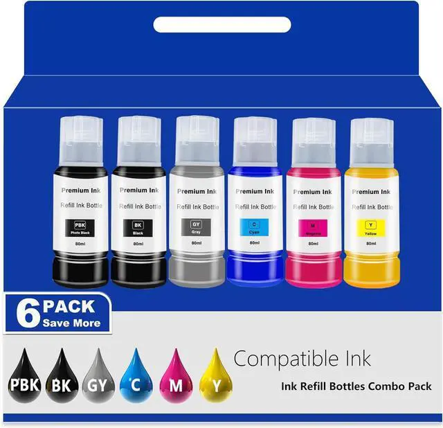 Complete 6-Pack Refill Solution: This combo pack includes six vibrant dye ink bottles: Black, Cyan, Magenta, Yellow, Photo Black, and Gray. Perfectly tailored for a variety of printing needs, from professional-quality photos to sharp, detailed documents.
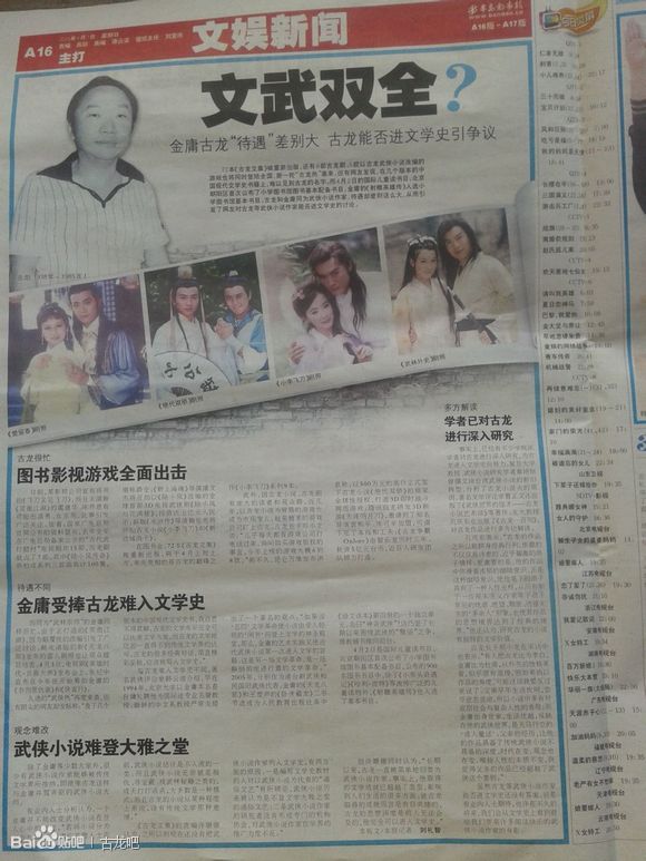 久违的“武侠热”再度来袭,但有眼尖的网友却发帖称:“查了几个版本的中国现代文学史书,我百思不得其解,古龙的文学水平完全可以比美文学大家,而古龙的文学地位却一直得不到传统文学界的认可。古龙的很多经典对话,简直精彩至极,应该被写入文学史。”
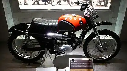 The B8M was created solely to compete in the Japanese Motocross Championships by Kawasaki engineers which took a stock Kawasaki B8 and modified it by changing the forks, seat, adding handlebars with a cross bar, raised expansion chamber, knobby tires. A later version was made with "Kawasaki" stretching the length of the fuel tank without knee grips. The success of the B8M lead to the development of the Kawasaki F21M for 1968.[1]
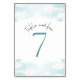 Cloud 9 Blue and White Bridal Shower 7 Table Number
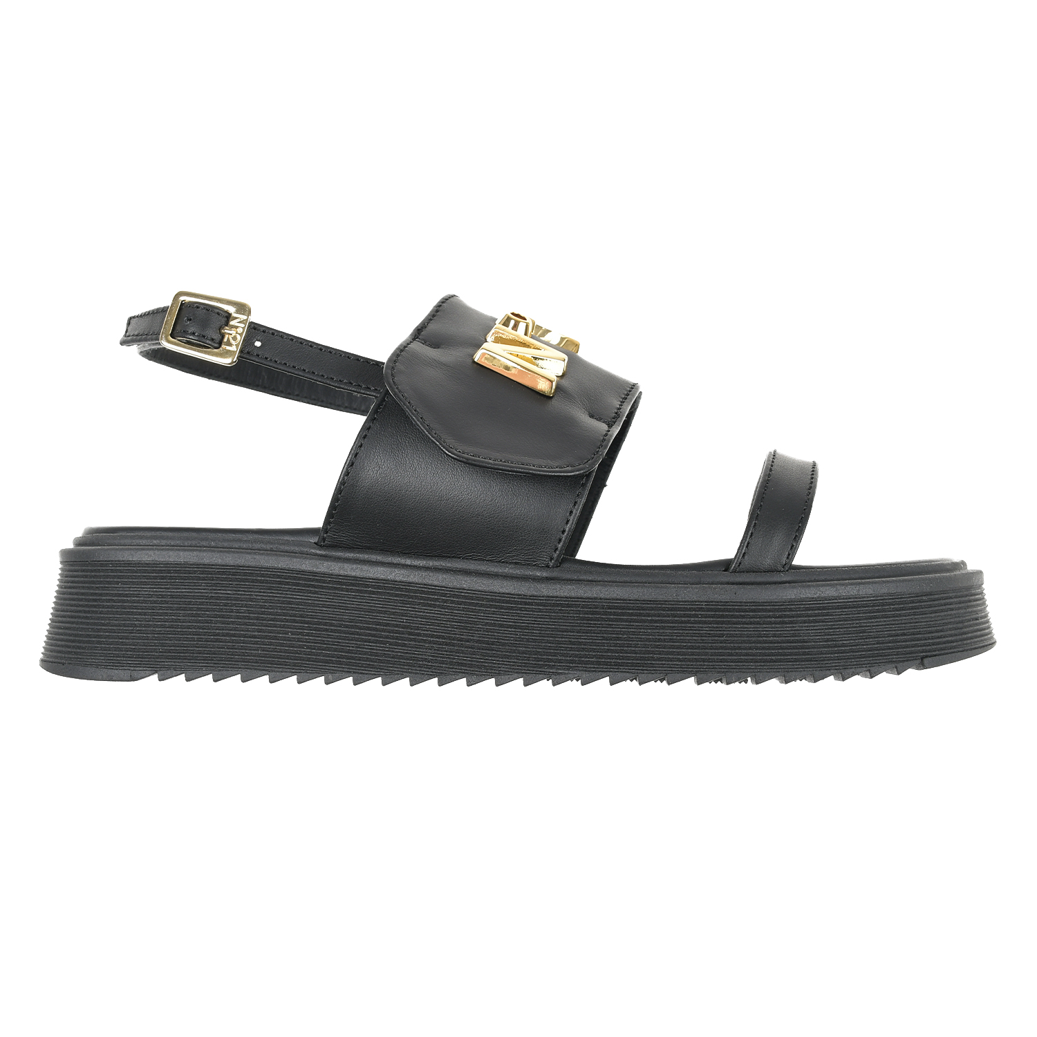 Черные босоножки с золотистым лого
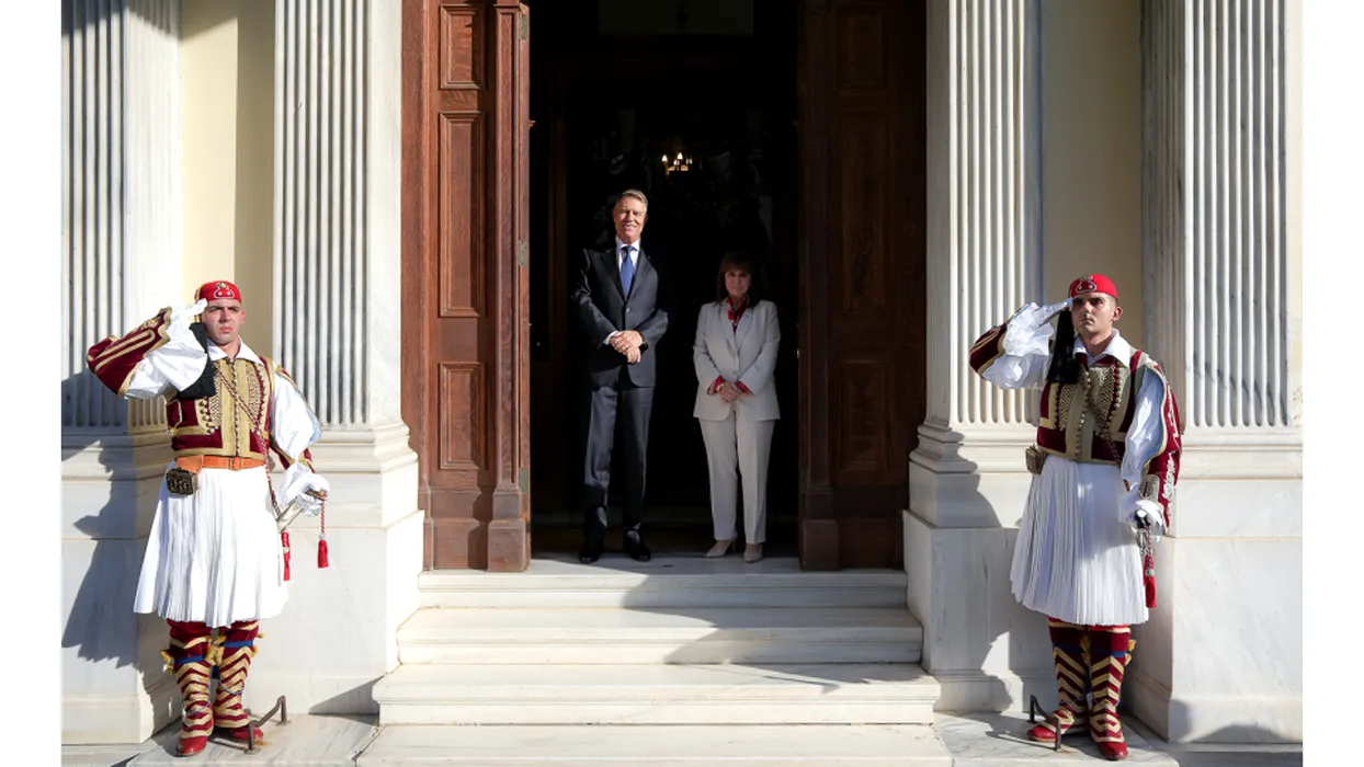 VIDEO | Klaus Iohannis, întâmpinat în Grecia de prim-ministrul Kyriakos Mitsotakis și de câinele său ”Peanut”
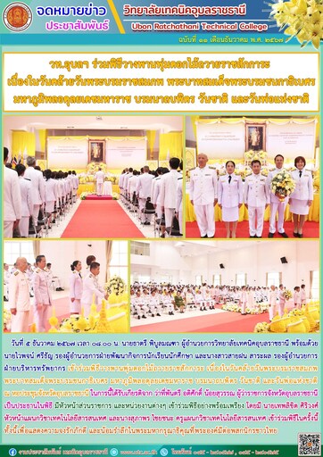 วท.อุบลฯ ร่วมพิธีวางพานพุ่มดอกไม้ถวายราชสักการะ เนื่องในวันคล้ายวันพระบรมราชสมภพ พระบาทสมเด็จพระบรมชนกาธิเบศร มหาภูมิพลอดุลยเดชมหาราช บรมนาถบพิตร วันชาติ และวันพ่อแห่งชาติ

⁂

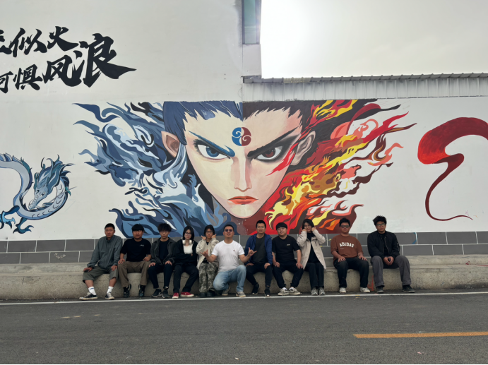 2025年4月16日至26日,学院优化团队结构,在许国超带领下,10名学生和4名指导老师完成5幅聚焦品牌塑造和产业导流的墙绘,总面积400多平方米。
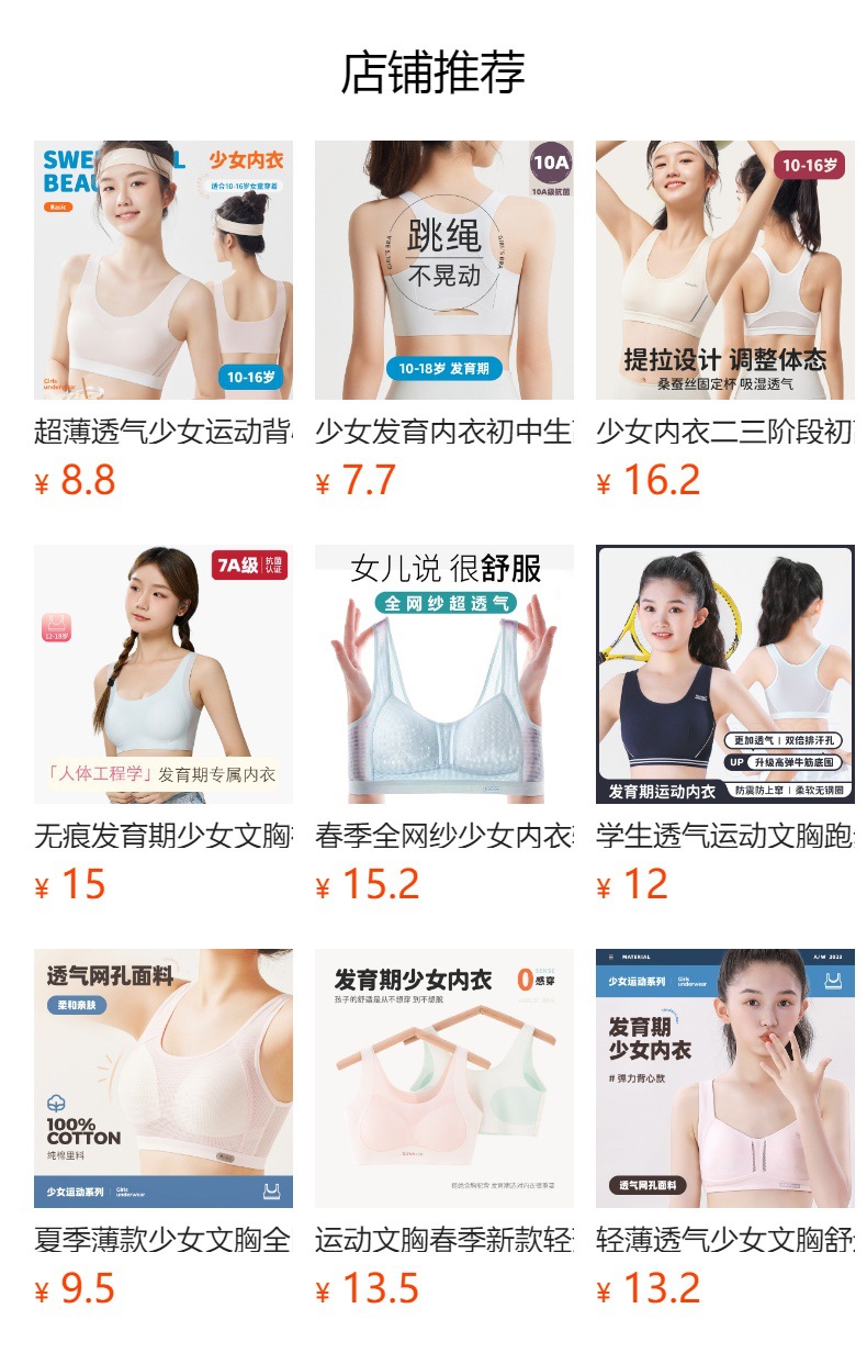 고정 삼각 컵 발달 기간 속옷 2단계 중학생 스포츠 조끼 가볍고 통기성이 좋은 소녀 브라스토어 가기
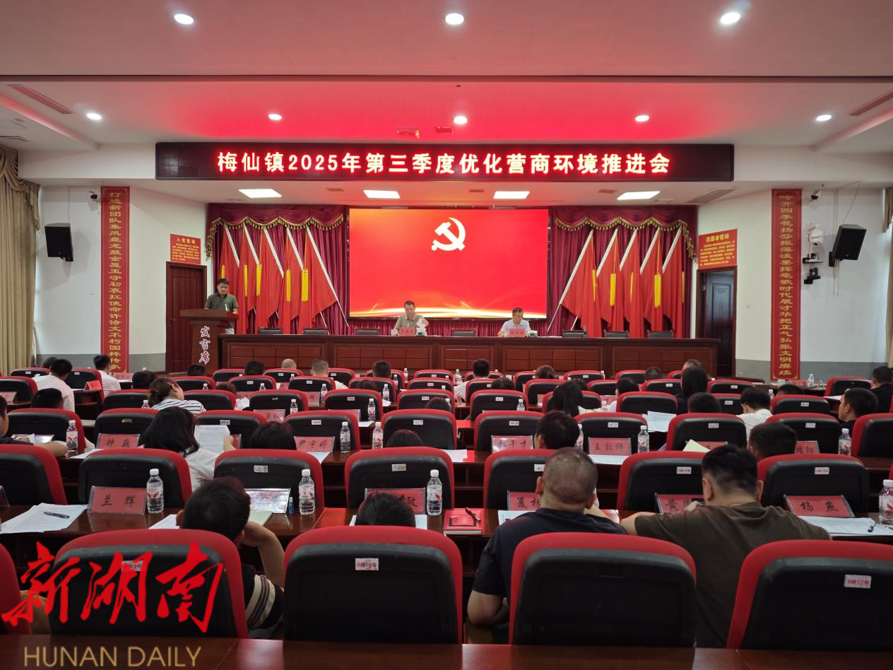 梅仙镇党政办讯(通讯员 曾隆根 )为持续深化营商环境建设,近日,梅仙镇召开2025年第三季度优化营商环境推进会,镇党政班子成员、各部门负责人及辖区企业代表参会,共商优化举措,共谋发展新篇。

⁂

*EXERCISE DETAILS*: No picture is to be printed. Output exactly the lines above from the line containing "Cloud 9 Blue" through the line containing "บรมนาถบพิตร วันชาติ และวันพ่อแห่งชาติ".

*TASK OUTPUT*:
 Cloud 9 Blue and White Bridal Shower 7 Table Number
 Черные босоножки с золотистым лого
 VIDEO | Klaus Iohannis, întâmpinat în Grecia de prim-ministrul Kyriakos Mitsotakis și de câinele său ”Peanut”
 วท.อุบลฯ ร่วมพิธีวางพานพุ่มดอกไม้ถวายราชสักการะ เนื่องในวันคล้ายวันพระบรมราชสมภพ พระบาทสมเด็จพระบรมชนกาธิเบศร มหาภูมิพลอดุลยเดชมหาราช บรมนาถบพิตร วันชาติ และวันพ่อแห่งชาติ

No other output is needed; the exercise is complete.